Segment Open

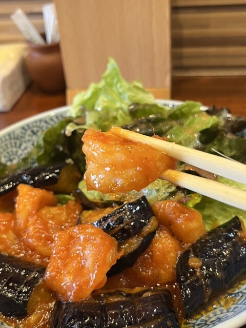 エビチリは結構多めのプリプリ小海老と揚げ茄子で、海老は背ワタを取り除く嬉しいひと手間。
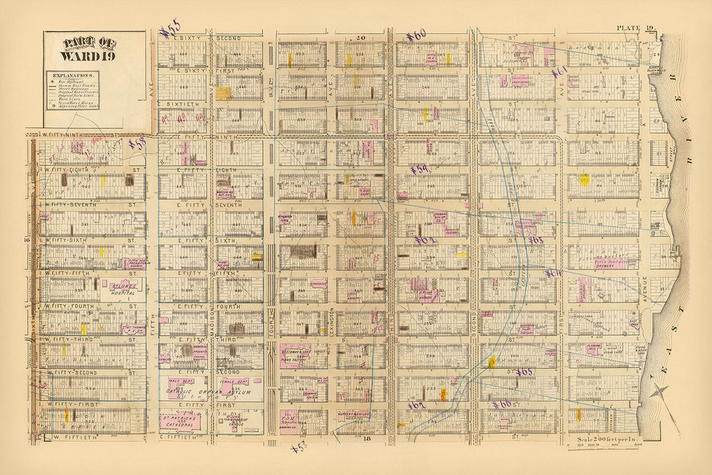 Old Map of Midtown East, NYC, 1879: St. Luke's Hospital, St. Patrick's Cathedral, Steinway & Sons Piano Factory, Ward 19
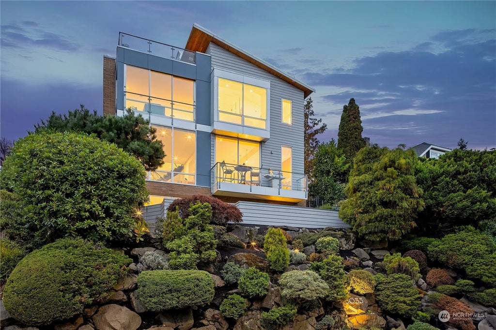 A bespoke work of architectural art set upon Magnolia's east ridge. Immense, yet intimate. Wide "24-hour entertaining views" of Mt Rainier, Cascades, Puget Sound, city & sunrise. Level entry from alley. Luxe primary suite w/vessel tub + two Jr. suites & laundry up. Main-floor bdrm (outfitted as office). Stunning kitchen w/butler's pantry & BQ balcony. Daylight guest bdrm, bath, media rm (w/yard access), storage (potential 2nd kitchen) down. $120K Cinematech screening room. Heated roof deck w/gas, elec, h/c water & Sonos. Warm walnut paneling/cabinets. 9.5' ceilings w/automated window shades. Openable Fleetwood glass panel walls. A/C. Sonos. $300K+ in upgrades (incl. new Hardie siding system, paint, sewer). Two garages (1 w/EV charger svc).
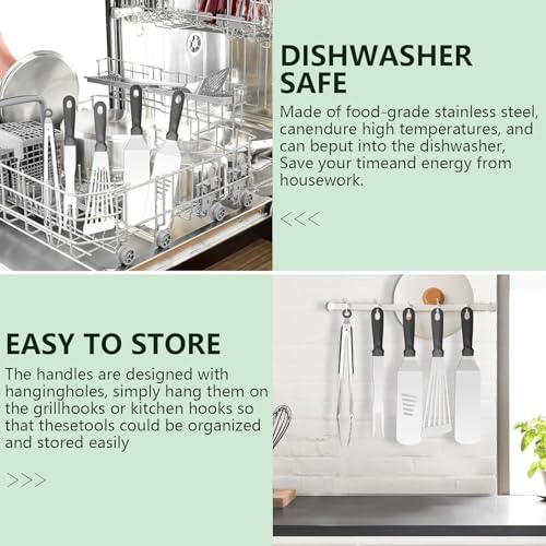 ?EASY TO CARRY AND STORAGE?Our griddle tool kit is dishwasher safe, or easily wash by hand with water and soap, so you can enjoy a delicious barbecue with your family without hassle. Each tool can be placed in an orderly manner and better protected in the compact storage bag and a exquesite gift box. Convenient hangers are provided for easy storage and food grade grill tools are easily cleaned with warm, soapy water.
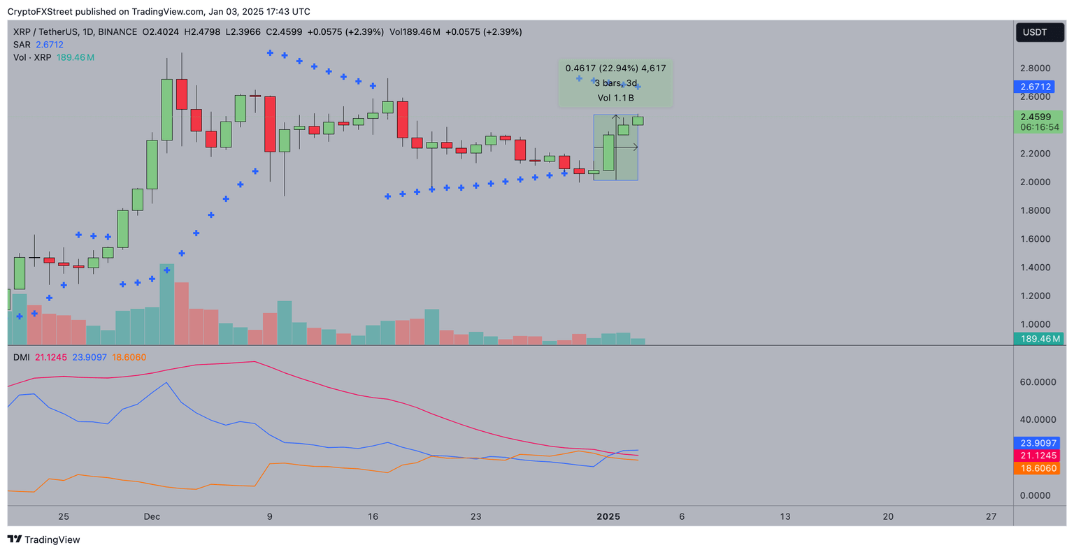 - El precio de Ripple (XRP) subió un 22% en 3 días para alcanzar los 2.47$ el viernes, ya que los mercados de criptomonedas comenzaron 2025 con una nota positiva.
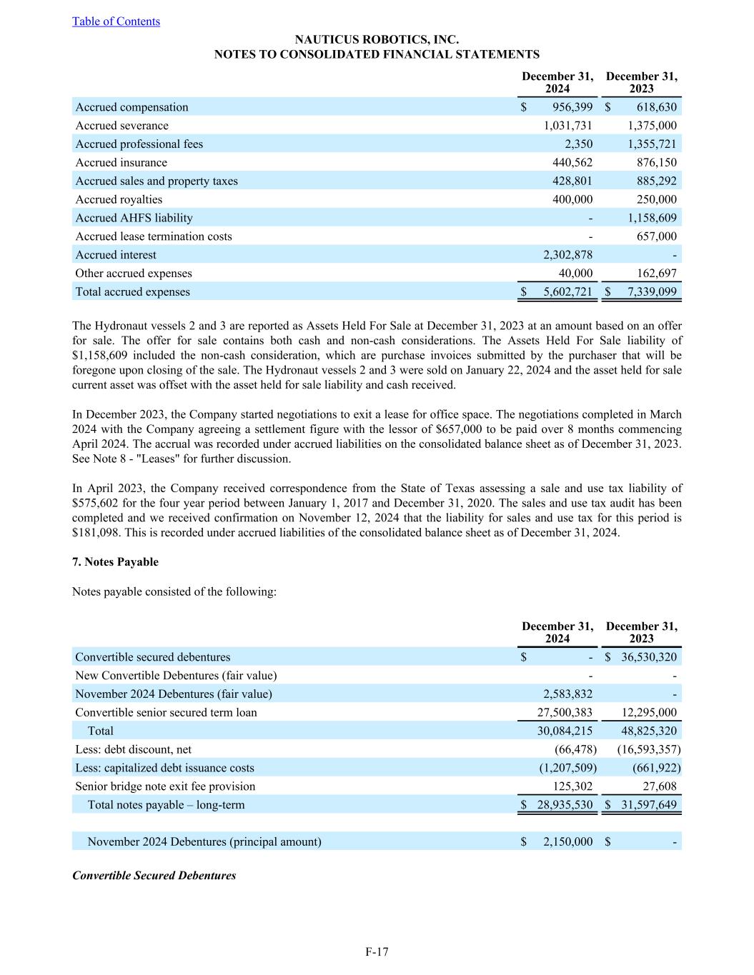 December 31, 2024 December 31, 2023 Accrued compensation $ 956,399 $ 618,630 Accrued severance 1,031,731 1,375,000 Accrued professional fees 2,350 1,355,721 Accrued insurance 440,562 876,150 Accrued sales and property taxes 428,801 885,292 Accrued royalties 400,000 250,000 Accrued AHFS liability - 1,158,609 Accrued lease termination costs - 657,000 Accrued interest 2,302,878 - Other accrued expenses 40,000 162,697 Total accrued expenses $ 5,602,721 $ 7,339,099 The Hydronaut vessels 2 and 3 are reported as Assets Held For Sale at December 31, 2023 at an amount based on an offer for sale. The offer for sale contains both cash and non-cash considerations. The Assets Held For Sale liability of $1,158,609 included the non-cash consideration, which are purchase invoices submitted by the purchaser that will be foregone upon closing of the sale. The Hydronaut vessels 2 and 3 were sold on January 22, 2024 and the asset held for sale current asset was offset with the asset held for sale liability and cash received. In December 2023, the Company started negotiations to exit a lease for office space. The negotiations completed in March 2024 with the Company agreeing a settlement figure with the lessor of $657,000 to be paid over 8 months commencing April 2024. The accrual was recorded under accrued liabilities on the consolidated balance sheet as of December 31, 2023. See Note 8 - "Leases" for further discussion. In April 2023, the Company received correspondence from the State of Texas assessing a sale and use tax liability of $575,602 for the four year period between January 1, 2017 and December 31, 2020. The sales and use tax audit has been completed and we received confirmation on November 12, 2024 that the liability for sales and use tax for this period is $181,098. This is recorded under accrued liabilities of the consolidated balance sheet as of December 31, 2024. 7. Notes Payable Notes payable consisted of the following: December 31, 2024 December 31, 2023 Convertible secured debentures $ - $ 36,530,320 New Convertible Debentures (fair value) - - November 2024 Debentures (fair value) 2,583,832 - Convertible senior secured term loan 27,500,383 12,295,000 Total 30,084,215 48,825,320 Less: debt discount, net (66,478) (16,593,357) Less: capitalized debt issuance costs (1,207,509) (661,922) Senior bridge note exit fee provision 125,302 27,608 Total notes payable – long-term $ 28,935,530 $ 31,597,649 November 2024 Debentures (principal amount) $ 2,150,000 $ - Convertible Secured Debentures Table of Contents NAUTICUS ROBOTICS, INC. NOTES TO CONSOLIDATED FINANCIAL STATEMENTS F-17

Segment Closed
Segment Open

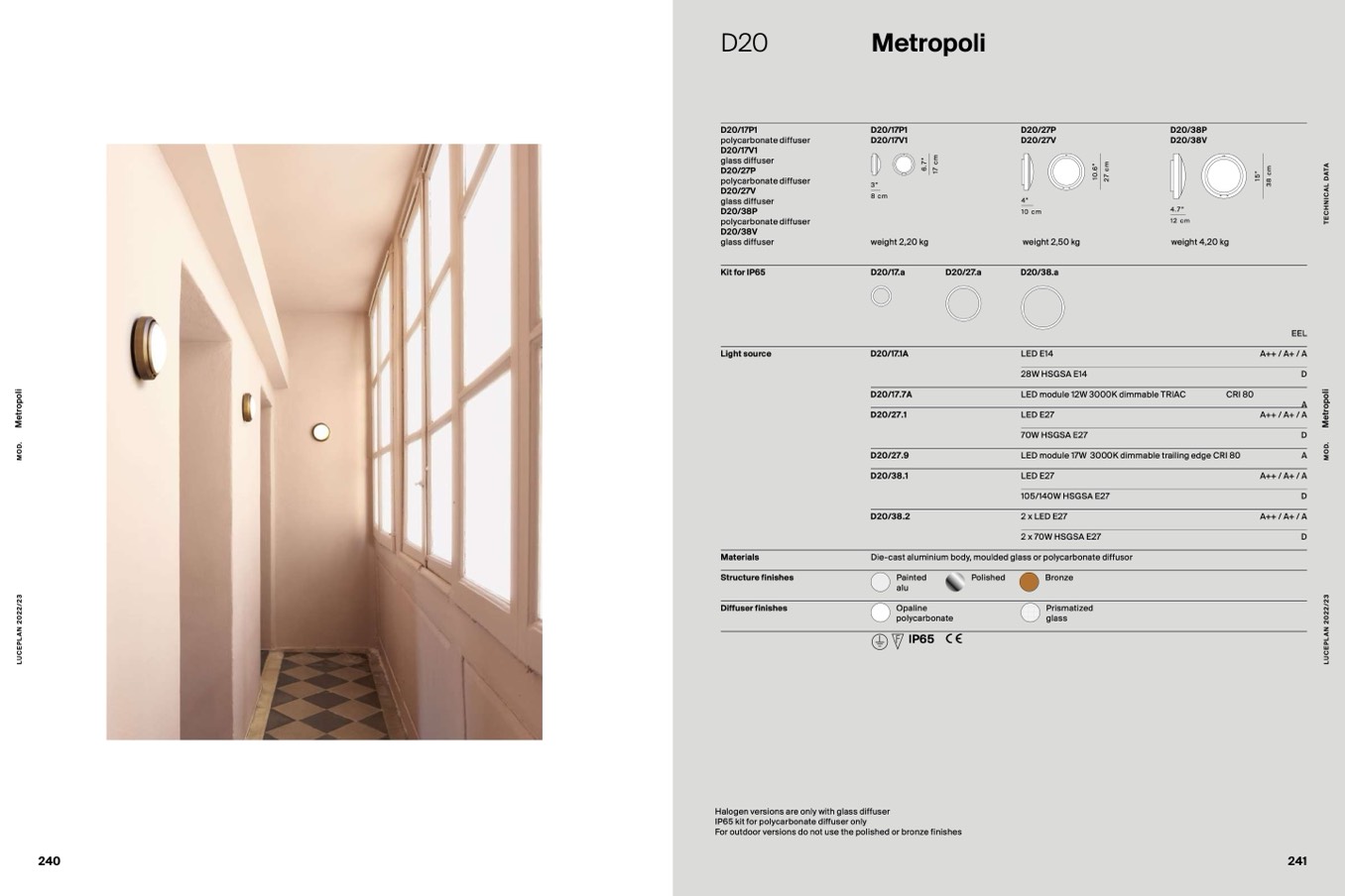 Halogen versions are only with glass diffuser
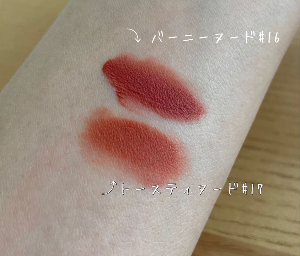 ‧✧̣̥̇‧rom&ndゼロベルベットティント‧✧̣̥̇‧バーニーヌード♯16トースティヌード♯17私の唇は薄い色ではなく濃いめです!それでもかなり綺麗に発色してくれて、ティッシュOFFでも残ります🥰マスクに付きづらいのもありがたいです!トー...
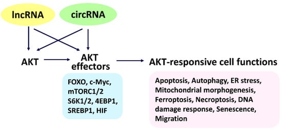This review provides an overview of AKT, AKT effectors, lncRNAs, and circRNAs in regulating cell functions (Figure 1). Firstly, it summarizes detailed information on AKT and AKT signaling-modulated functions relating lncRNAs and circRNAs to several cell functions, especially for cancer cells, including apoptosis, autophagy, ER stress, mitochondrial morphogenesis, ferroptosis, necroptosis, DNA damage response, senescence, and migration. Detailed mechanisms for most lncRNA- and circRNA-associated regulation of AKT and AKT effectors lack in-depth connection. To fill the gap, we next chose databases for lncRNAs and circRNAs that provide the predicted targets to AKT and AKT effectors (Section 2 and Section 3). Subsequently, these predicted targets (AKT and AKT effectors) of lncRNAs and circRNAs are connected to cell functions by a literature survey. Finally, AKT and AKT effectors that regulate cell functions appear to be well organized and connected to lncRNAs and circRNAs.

Segment Closed

● **What to work on**: In the records above, copy exactly everything from the line that has "エビチリは結構多めのプリプリ" down to the line that has "Old Map of Midtown", both ends included, and leave out the pictures.

● **Exercise answer**:
 エビチリは結構多めのプリプリ小海老と揚げ茄子で、海老は背ワタを取り除く嬉しいひと手間。
 Old Map of Midtown East, NYC, 1879: St. Luke's Hospital, St. Patrick's Cathedral, Steinway & Sons Piano Factory, Ward 19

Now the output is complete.